═══ Provided data ═══

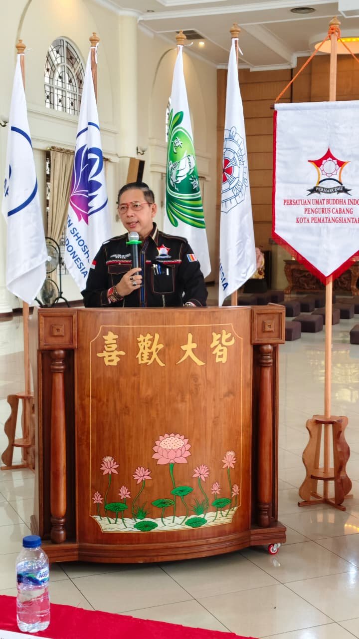 ​Sementara itu, Ketua Permabudhi Sumut, Drs. Wong Chun Sen Tarigan, M.Pd.B., dalam sambutannya menyampaikan harapannya agar PC Permabudhi Pematangsiantar dapat lebih bersinergi dan kompak. Ia menekankan pentingnya melahirkan kader-kader berpotensi sebagai generasi penerus umat Buddha dalam berorganisasi, mengingat banyak anggota yang memiliki kesibukan bisnis.
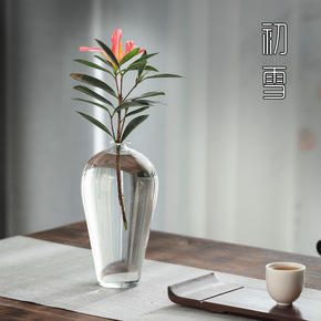 透明玻璃花瓶插花水养梅瓶禅意水晶摆件家居客厅装饰日...
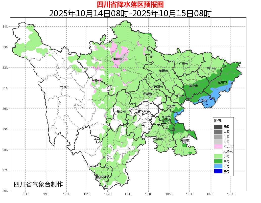 今天(14日)白天到晚上:盆地大部陰天間多雲有陣雨或雷雨,其中達州、廣安、南充3市和巴中、遂寧、資陽、內江、自貢5市東部,瀘州北部有中雨,局部大雨到暴雨;甘孜州西北部東部、阿壩州大部和攀西地區大部 陰天間多雲有陣雨(雪)或雷雨,川西高原其餘地方多雲間晴。
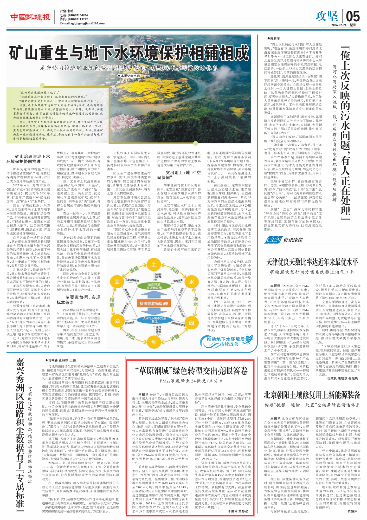 2026年2月9日,《中國(guó)環(huán)境報(bào)》第5版刊發(fā)題為《“草原鋼城”綠色轉(zhuǎn)型交出亮眼答卷 PM2.5濃度降至24微克/立方米》的文章,報(bào)道了2025年,內(nèi)蒙古自治區(qū)包頭市持續(xù)深入打好污染防治攻堅(jiān)戰(zhàn),聚焦大氣、水、土壤污染防治主戰(zhàn)場(chǎng),通過(guò)實(shí)施系統(tǒng)治理“組合拳”,推動(dòng)環(huán)境質(zhì)量實(shí)現(xiàn)歷史性突破,“草原鋼城”煥發(fā)出綠色發(fā)展的蓬勃生機(jī)。
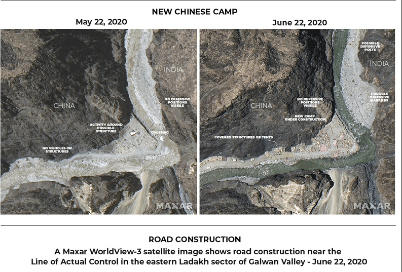 अमेरिका स्थित अंतरिक्ष फर्म मैक्सार टेक्नोलॉजी द्वारा सोमवार को शूट की गई तस्वीरों से पता चलता है कि गलवान नदी के ऊपर उभरी हुई छत पर व्यापक चीनी संरचनाएं दिखाई देती हैं।
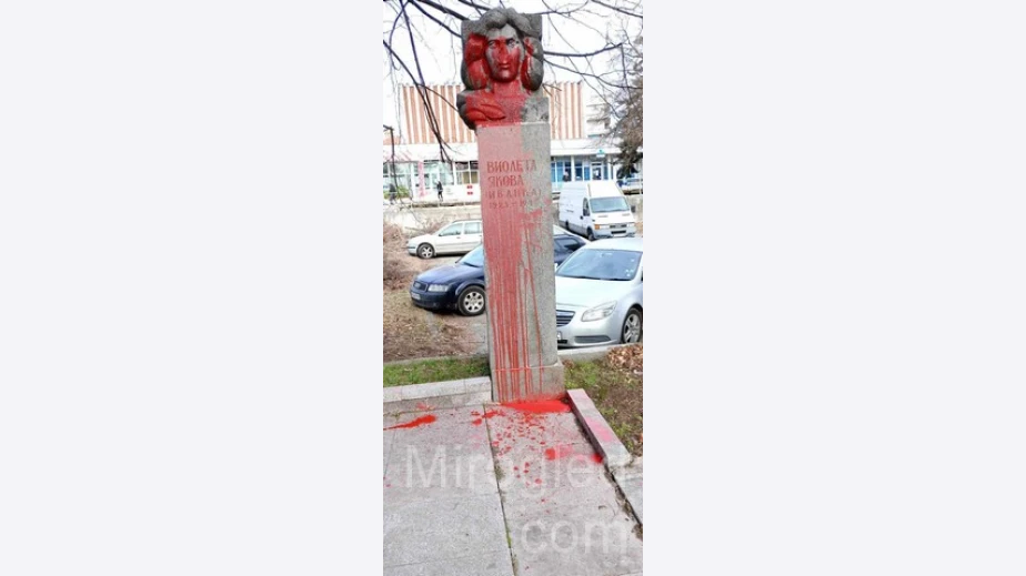 Паметникът на партизанката от Радомирския партизански отряд Виолета Якова на площад „Войнишко въстание“ е осквернен миналата нощ. Той е залят целия с червена боя, но до момента извършителите не са установени.

═══

◆ **How to complete this task**:
Give the data above again, exactly, with every picture removed.

◆ **Your solution**:
 ​Sementara itu, Ketua Permabudhi Sumut, Drs. Wong Chun Sen Tarigan, M.Pd.B., dalam sambutannya menyampaikan harapannya agar PC Permabudhi Pematangsiantar dapat lebih bersinergi dan kompak. Ia menekankan pentingnya melahirkan kader-kader berpotensi sebagai generasi penerus umat Buddha dalam berorganisasi, mengingat banyak anggota yang memiliki kesibukan bisnis.
 透明玻璃花瓶插花水养梅瓶禅意水晶摆件家居客厅装饰日...
 今天(14日)白天到晚上:盆地大部陰天間多雲有陣雨或雷雨,其中達州、廣安、南充3市和巴中、遂寧、資陽、內江、自貢5市東部,瀘州北部有中雨,局部大雨到暴雨;甘孜州西北部東部、阿壩州大部和攀西地區大部 陰天間多雲有陣雨(雪)或雷雨,川西高原其餘地方多雲間晴。
 2026年2月9日,《中國(guó)環(huán)境報(bào)》第5版刊發(fā)題為《“草原鋼城”綠色轉(zhuǎn)型交出亮眼答卷 PM2.5濃度降至24微克/立方米》的文章,報(bào)道了2025年,內(nèi)蒙古自治區(qū)包頭市持續(xù)深入打好污染防治攻堅(jiān)戰(zhàn),聚焦大氣、水、土壤污染防治主戰(zhàn)場(chǎng),通過(guò)實(shí)施系統(tǒng)治理“組合拳”,推動(dòng)環(huán)境質(zhì)量實(shí)現(xiàn)歷史性突破,“草原鋼城”煥發(fā)出綠色發(fā)展的蓬勃生機(jī)。
 अमेरिका स्थित अंतरिक्ष फर्म मैक्सार टेक्नोलॉजी द्वारा सोमवार को शूट की गई तस्वीरों से पता चलता है कि गलवान नदी के ऊपर उभरी हुई छत पर व्यापक चीनी संरचनाएं दिखाई देती हैं।
 Паметникът на партизанката от Радомирския партизански отряд Виолета Якова на площад „Войнишко въстание“ е осквернен миналата нощ. Той е залят целия с червена боя, но до момента извършителите не са установени.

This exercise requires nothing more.